How does coronary artery disease affect my body?

coronary artery disease

Coronary artery disease (CAD) remains the leading cause of death in America, affecting nearly 1 in 10 people aged 40 to 80 and about 1 in 5 people under 65. CAD occurs when the arteries (coronary arteries), which supply blood to the heart, become narrowed due to plaque buildup. This buildup is called atherosclerosis.

As it grows, less blood can flow through the arteries. As a result, the heart muscle struggles to get enough blood, oxygen, and nutrients, leading to chest pain (angina) or a heart attack.

What are the forms of coronary artery disease?

There are two forms of CAD:

Stable ischemic heart disease. A gradual narrowing of coronary arteries characterizes this chronic form. As a result, the heart gets less oxygen-rich blood. However, the individual may experience some symptoms, but it is possible to live with such a condition.

Acute coronary syndrome. This is a sudden form that requires urgent medical attention. The plaque in the coronary artery forms a blood clot that blocks blood flow and causes a heart attack.

Coronary artery disease symptoms

CAD develops gradually, and symptoms may go unnoticed. Once the heart gets less oxygen-rich blood, the symptoms may become more frequent. The person may experience the following signs and symptoms of coronary artery disease:

  • Stable angina. This is the most common symptom. The individual may feel temporary chest pain or discomfort on the middle or left side of the chest. Physical activity or strong stress may trigger angina, lasting for several minutes after the triggering event ends.
  • Shortness of breath (dyspnea). It can be hard to breathe, especially during light physical activity.
  • Fatigue. Because the heart can’t pump enough blood to meet the body’s needs, the person may feel unusually tired.
  • Heart attack.
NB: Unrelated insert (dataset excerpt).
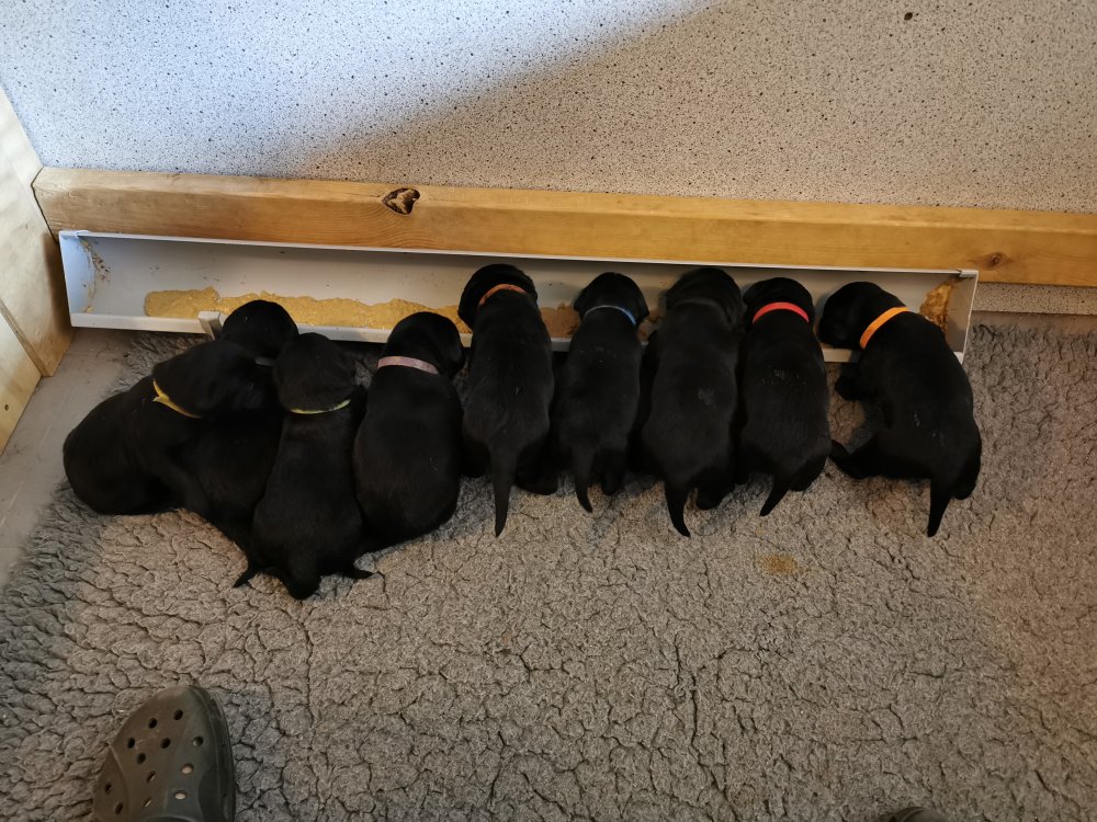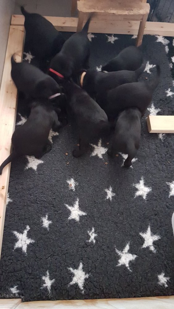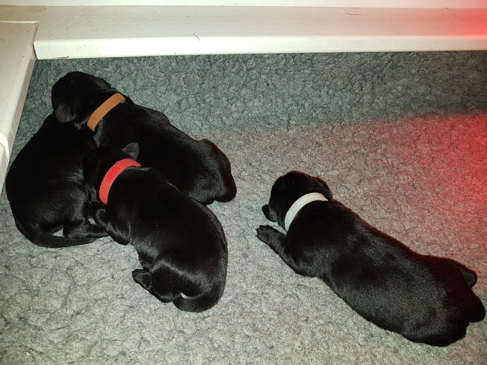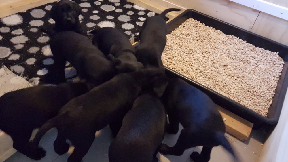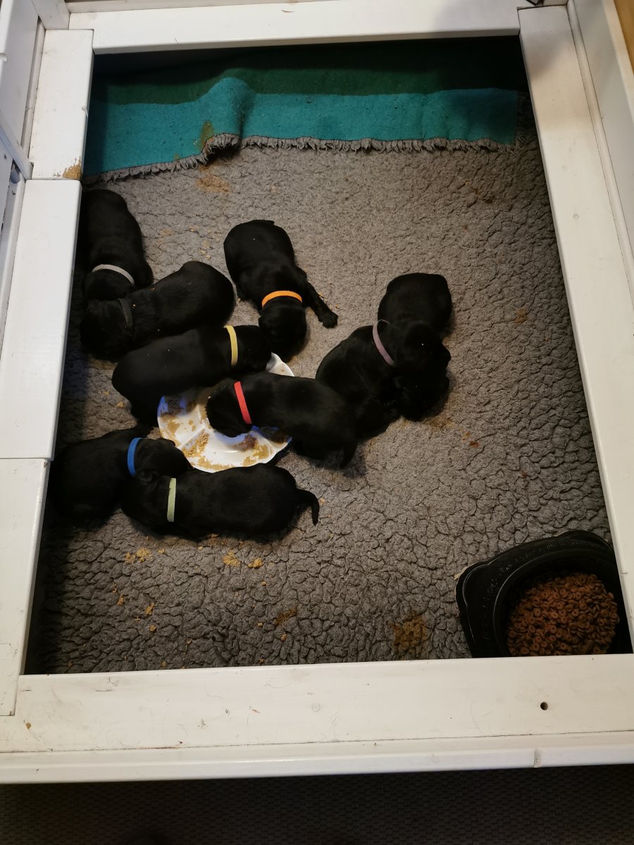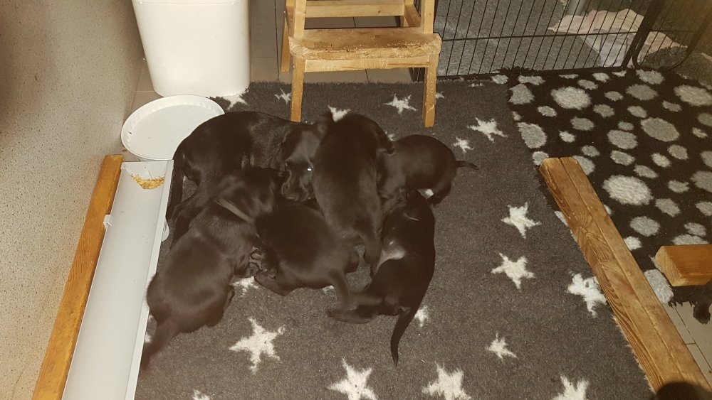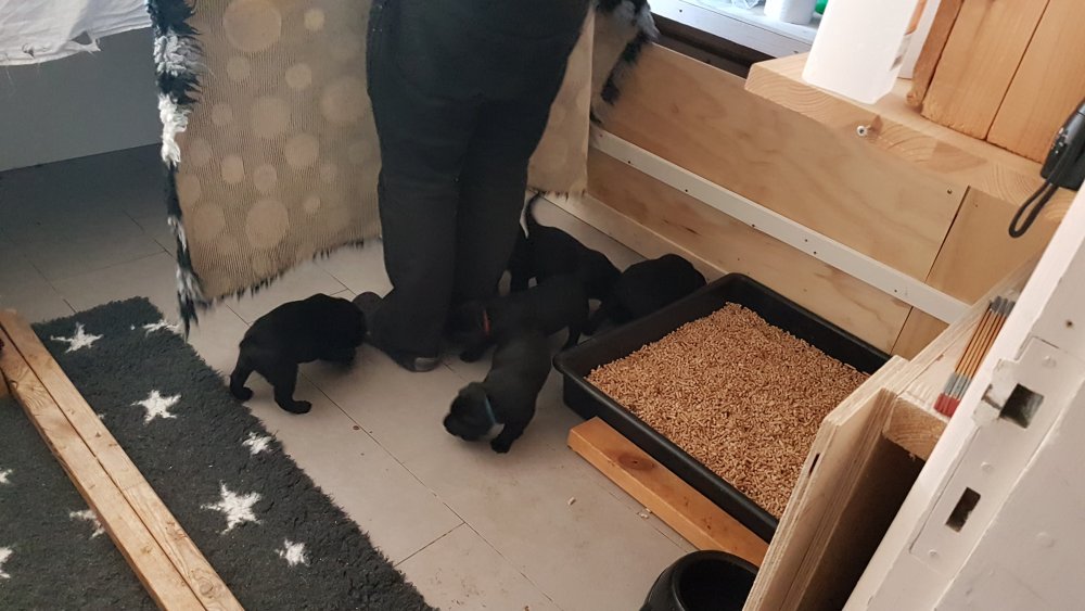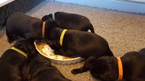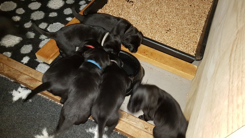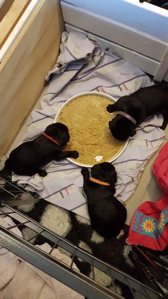 De har alle fået øjne og begyndt at bevæge sig rundt i kassen næsten som rigtig små hunde. De har også opdaget de andre hvalpe i kasse, så de er begyndt at "slåse" med hinanden. Her sidst på ugen er de begyndt at få opblødt hvalpefoder, som de alle spiser.

Crushing chest pain or pressure, shoulder or arm pain, shortness of breath, and sweating are classic heart attack symptoms. Women may have less typical symptoms, such as neck or jaw pain, nausea, and fatigue. However, some heart attacks don’t cause any noticeable signs or symptoms.

How does CDA affect the body?

Coronary artery disease can be the reason for heart attack. Because of a lack of blood flow, the heart muscle starts to die. To restore blood flow to the heart and save a life, seek prompt medical attention. Additionally, CDA weakens the heart and causes complications. They include:

  • Heart failure
  • cardiac arrest
  • cardiogenic shock
  • atrial fibrillation.

Causes of coronary artery disease

Atherosclerosis is the main reason for coronary artery disease, as it causes the gradual buildup of plaque in arteries throughout the body. It continues to gather along the artery walls, making them narrow and stiff. The buildup plaque consists of cholesterol, waste products, calcium, and fibrin (a substance that helps your blood clot).

Plaque damages the arteries and limits blood flow to specific body parts. As a result, the heart muscle cannot get enough oxygen-rich blood and nutrients it needs to work correctly. This condition is called myocardial ischemia, which causes angina (chest discomfort) and puts at risk for a heart attack.

Usually, when people have plaque buildup in their coronary arteries often have buildup elsewhere in their body, too. It can lead to carotid artery disease and peripheral artery disease.

Tests that help diagnose coronary artery disease

There are a lot of tests that may help to assess heart function and diagnose CAD. These include:

Blood tests

It allows one to check the blood for substances that harm arteries or increase the risk of CAD.

Electrocardiogram (EKG/ECG)

Records your heart’s electrical activity can detect old or current heart attacks, ischemia, and heart rhythm issues. With the help of an EKG monitor for home use, patients can keep an eye on heart health throughout the day and detect potential abnormalities in the heart’s electrical activity at an early stage.

Cardiac catheterization

It is known as the gold standard for diagnosing CAD. By inserting tubes into the coronary arteries, the doctor can evaluate or confirm CAD.
Coronary calcium scan. This test allows the provider to measure the amount of calcium in the walls of coronary arteries. It is the first sign of atherosclerosis. However, this test doesn’t determine how significant the blockage is, but it helps to assess the risk for CAD.

Computed tomography (CT) coronary angiogram

This method allows the contrasting dye to view 3D pictures of the heart as it moves and detects blockages in coronary arteries.

Echocardiogram (echo)

Allows to evaluate the heart’s structure and function.

Exercise stress test

It checks how the heart responds when it’s working very hard. For example, it can detect angina and blockages in your coronary arteries.

There are a lot of risk factors for coronary artery disease and some of them are impossible to control. However, some factors can be controlled by making lifestyle changes or taking medications. Visit your healthcare provider to talk about the risk factors and how you can manage them. Some people may also benefit from a procedure or surgery.